Make sure the PowerLab is connected and turned on.

Connect the cardio microphone to Input 1 on the PowerLab. You will use it later in the lab.

Connect the finger pulse transducer cable to Input 2 on the PowerLab. You will use this later in the lab.

Plug the Bio Amp cable into the Bio Amp connector on the PowerLab.

Connect the electrode cables to Earth, CH1 NEG, and CH1 POS on the Bio Amp cable.

Electrode placement

Remove any jewelry from the volunteer's wrists and ankles.

Use a pen to mark a small cross where each electrode will be placed on the volunteer's right and left wrists, and right leg. Lightly abrade the skin with abrasive gel, and clean the area with alcohol swabs.

Snap the electrode cables onto some disposable ECG electrodes.

Attach the disposable electrodes to the prepared areas on the volunteer's wrists and leg:

Place the positive electrode on the left wrist.

Place the negative electrode on the right wrist.

Place the ground electrode on the right leg.

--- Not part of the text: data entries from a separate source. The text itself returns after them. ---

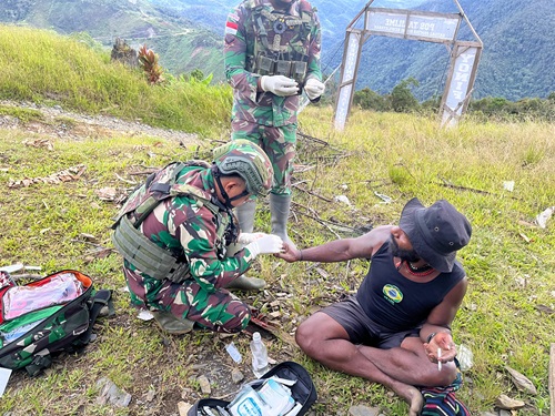 Puncak Jaya – Satgas Yonif 715/Mtl langsung merespon cepat dan memberikan pertolongan kepada Bapak Kopinggup Wonda dari kampung talilime pada pukul 10.00 WIT yang datang ke pos Talilime untuk berobat, diketahui Bapak Kopinggup Wonda memiliki luka pada jari tengah tangan kanan akibat terkena sabitan parang sehingga tangannya mengalami luka sobek yang cukup besar.
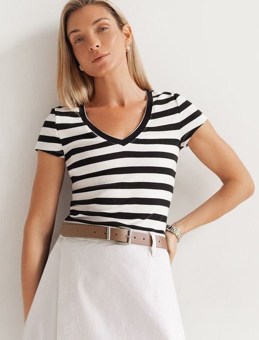 Состав: 95%Хлопок 5%ПУ Плотность: 210 Г/м2Облегающая футболка с V-образным вырезом в черно-белую полоску создаст утонченный образ. Идеальная базовая модель для вашего гардероба! Глубокий V-образный вырез подчеркивает линию шеи и зрительно удлиняет силуэт. Футболка выполнена из хлопка с добавлением эластана, которая мягко облегает контуры тела, подчеркивая достоинства фигуры. Универсальный вариант для создания стильных повседневных образов.
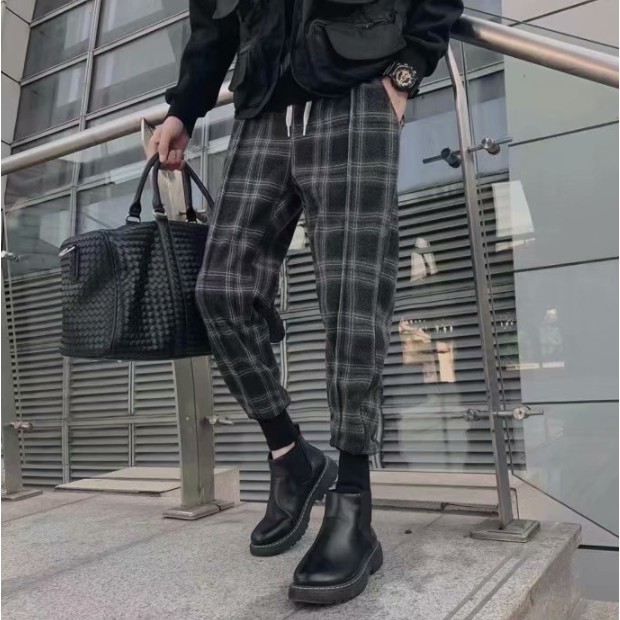 【M世代】格子褲 格紋褲 縮口褲 直筒褲 格子長褲 台灣發貨(MYJY70)
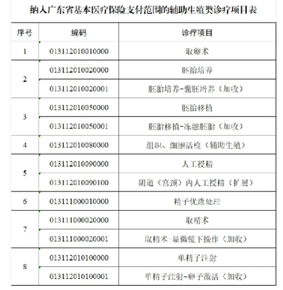2024年10月1日起,广东省将“取卵术”“胚胎培养”“胚胎移植”“组织、细胞活检”“人工授精”“精子优选处理”“取精术”“单精子注射”等8个不孕不育辅助生殖技术治疗项目纳入医保报销范围。
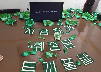 Curator’s Intention: Human civilization is built on nature, and we are living by exploiting nature without any doubts. “The clover field” in the Daehyeon-dong Clover Murder Case symbolizes “Peace”. The field on the side of APM Park in Daehyeon-dong is found trampled brutally. The suspects were Kim To-ji, Jo Jae-bi and John B. Human police interrogated them, but the culprits were a human couple, not the animals on the suspect’s list. But the culprits were confused not knowing what the problem was. They said their parents taught them how to make clover rings and crowns (or they knew it by searching on the Internet), and they made the crowns and rings by tearing down the clovers to win his lover’s favor. Humans have enjoyed the convenience of civilization without any doubt like this. And there has been a series of victories. A criminal who tore ‘peace’ apart smiles with a pure face. Whether we knew it but pretended we didn’t, or really didn’t. The criminal is human. We take a short break in parks. The park itself, which is created for good views in cities, may be deceptive. Because humans broke down the original form and built a “bright” civilization on it. It is a contradiction of human beings who want to live with nature while trampling on it at the same time. Most people who come to parks will not find any problems when they see spaces which are imitating nature. As if the way to make clover rings and crowns passes down to their descendants. Yes, as long as we’re born, we live by stepping on someone or something. Whether it’s nature or someone like us. If we talk like this, someone might ask “you’re going to break up with the world?” One might accuse “Isn’t the art installation material also the result of exploitation as well?” Nevertheless, the reason for doing this work is because I don’t want to end up thinking of defeatism and skepticism. We want to live with awareness continuously. We want to train in the process of making work. And we believe someone will be inspired by us. At the same time, it is the least conscience excuse of the cowardly.
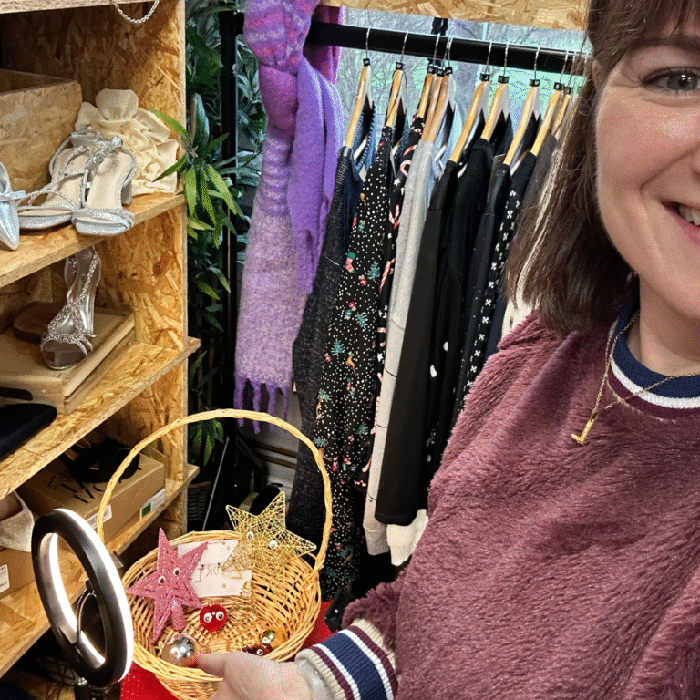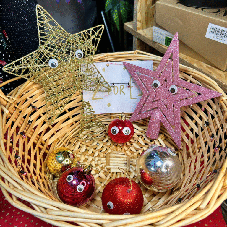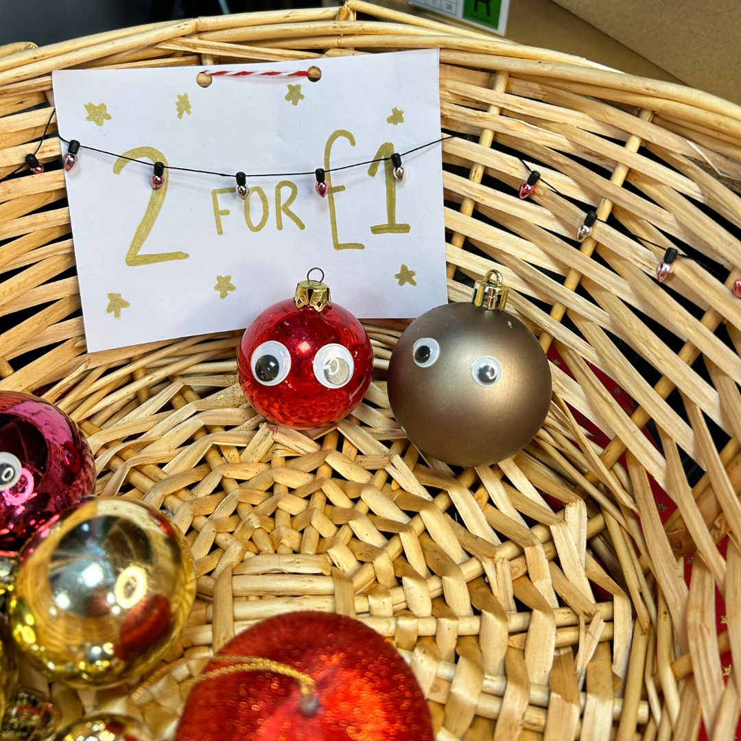 I got in touch with one of my favourite places, R:evolve Recycle, who run swap and thrift shops in Rutherglen and Cambuslang, and asked if I could spend a day filming there with my basket of baubles to give the films some authenticity. Thankfully, they agreed, and not one member of staff batted an eyelid as I shuffled googly-eyed decorations around the shop floor.
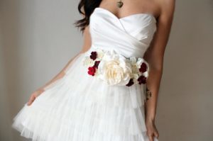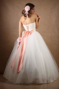 Цікаве рішення, яке також допоможе урізноманітнити образ: зашнурувати корсет сукні яскравою стрічкою – приміром, червоної, рожевої, золотий або синьою.
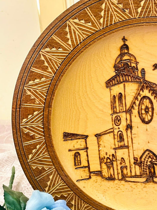 Vintage Moldova Wooden Wall Plate Handcrafted 11”
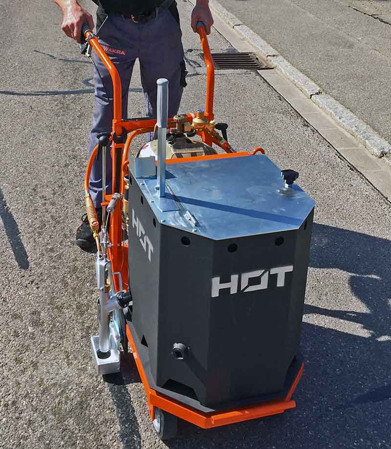 Das Heißvergußgerät DICOREL 3001 wurde speziell zum Vergießen von Fugen oder Rissen gebaut. Die zentral positionierte, fein dosierbare Ausgußdüse und die hohe Beweglichkeit des Gerätes, erlauben ein exaktes Nachfahren an der Fuge oder am Riss.
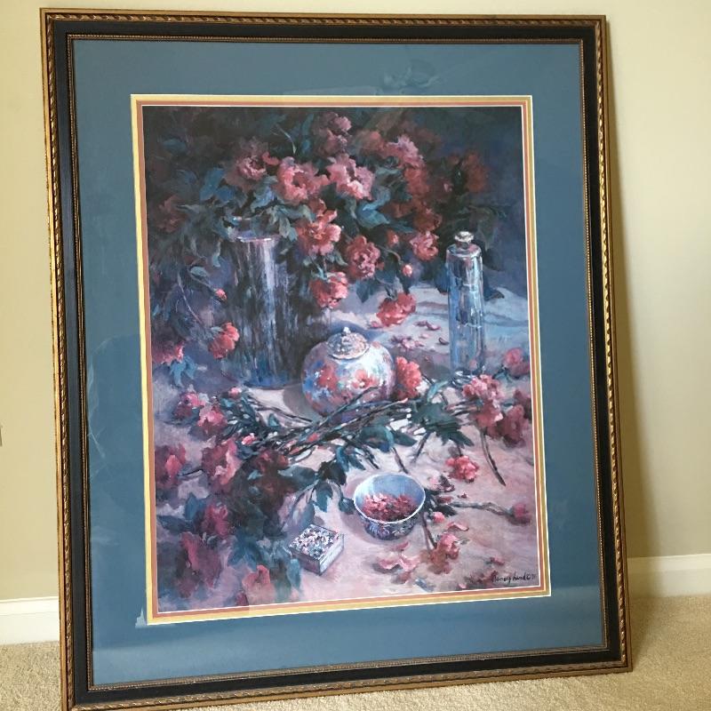 Large Nancy Lund framed, matted and signed artwork. This piece will look great in any part of your home. Frame measures 30.5” x 36.5”.
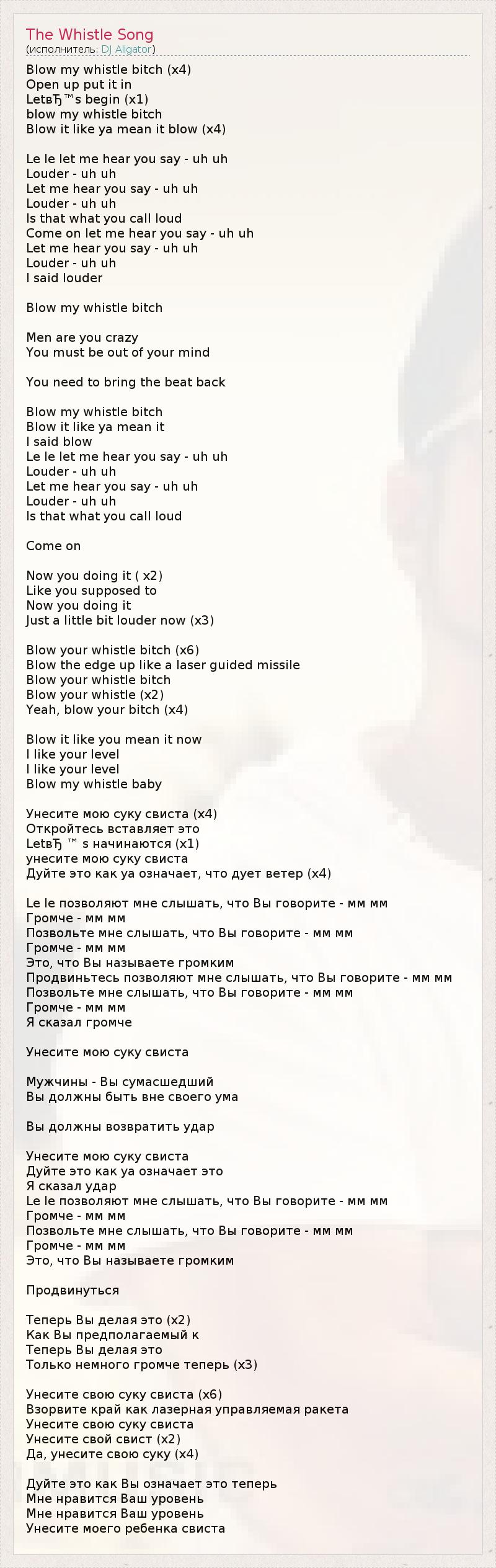 Blow my whistle bitch (x4) Open up put it in Let’s begin (x1) blow my whistle bitch Blow it like ya mean it blow (x4) Le le let me hear you say - uh uh Louder - uh uh Let me hear you say - uh uh Louder - uh uh Is that what you call loud Come on let me hear you say - uh uh Let me hear you say - uh uh Louder - uh uh I said louder Blow my whistle bitch Men are you crazy You must be out of your mind You need to bring the beat back Blow my whistle bitch Blow it like ya mean it I said blow Le le let me hear you say - uh uh Louder - uh uh Let me hear you say - uh uh Louder - uh uh Is that what you call loud Come on Now you doing it ( x2) Like you supposed to Now you doing it Just a little bit louder now (x3) Blow your whistle bitch (x6) Blow the edge up like a laser guided missile Blow your whistle bitch Blow your whistle (x2) Yeah, blow your bitch (x4) Blow it like you mean it now I like your level I like your level Blow my whistle baby Унесите мою суку свиста (x4) Откройтесь вставляет это Let†™ s начинаются (x1) унесите мою суку свиста Дуйте это как ya означает, что дует ветер (x4) Le le позволяют мне слышать, что Вы говорите - мм мм Громче - мм мм Позвольте мне слышать, что Вы говорите - мм мм Громче - мм мм Это, что Вы называете громким Продвиньтесь позволяют мне слышать, что Вы говорите - мм мм Позвольте мне слышать, что Вы говорите - мм мм Громче - мм мм Я сказал громче Унесите мою суку свиста Мужчины - Вы сумасшедший Вы должны быть вне своего ума Вы должны возвратить удар Унесите мою суку свиста Дуйте это как ya означает это Я сказал удар Le le позволяют мне слышать, что Вы говорите - мм мм Громче - мм мм Позвольте мне слышать, что Вы говорите - мм мм Громче - мм мм Это, что Вы называете громким Продвинуться Теперь Вы делая это (x2) Как Вы предполагаемый к Теперь Вы делая это Только немного громче теперь (x3) Унесите свою суку свиста (x6) Взорвите край как лазерная управляемая ракета Унесите свою суку свиста Унесите свой свист (x2) Да, унесите свою суку (x4) Дуйте это как Вы означает это теперь Мне нравится Ваш уровень Мне нравится Ваш уровень Унесите моего ребенка свиста

Ask the the volunteer to relax and not move. This will minimize signal artifacts due to movement.

Select Start to record.

Enter the volunteer's name into the Comment panel, and select Add.

Use the Auto Scale or compression buttons to ensure that you can see the data as it is being recorded.

If the ECG cannot be seen, check that all the electrodes are correctly attached. If the signal is noisy and indistinct, make sure that the volunteer is relaxed. Consider using the alternative attachment positions.

Select Stop.

Select Start.

Ask the volunteer to open and close his or her hands, and then move both arms across the chest. Enter "ECG artifact" into the Comment panel, and select Add.

Select Stop.

Ask the volunteer to sit quietly then select Start.

Enter "resting ECG" into the Comment panel. When you have a signal without movement artifacts, select Add to enter the comment.

Select Stop.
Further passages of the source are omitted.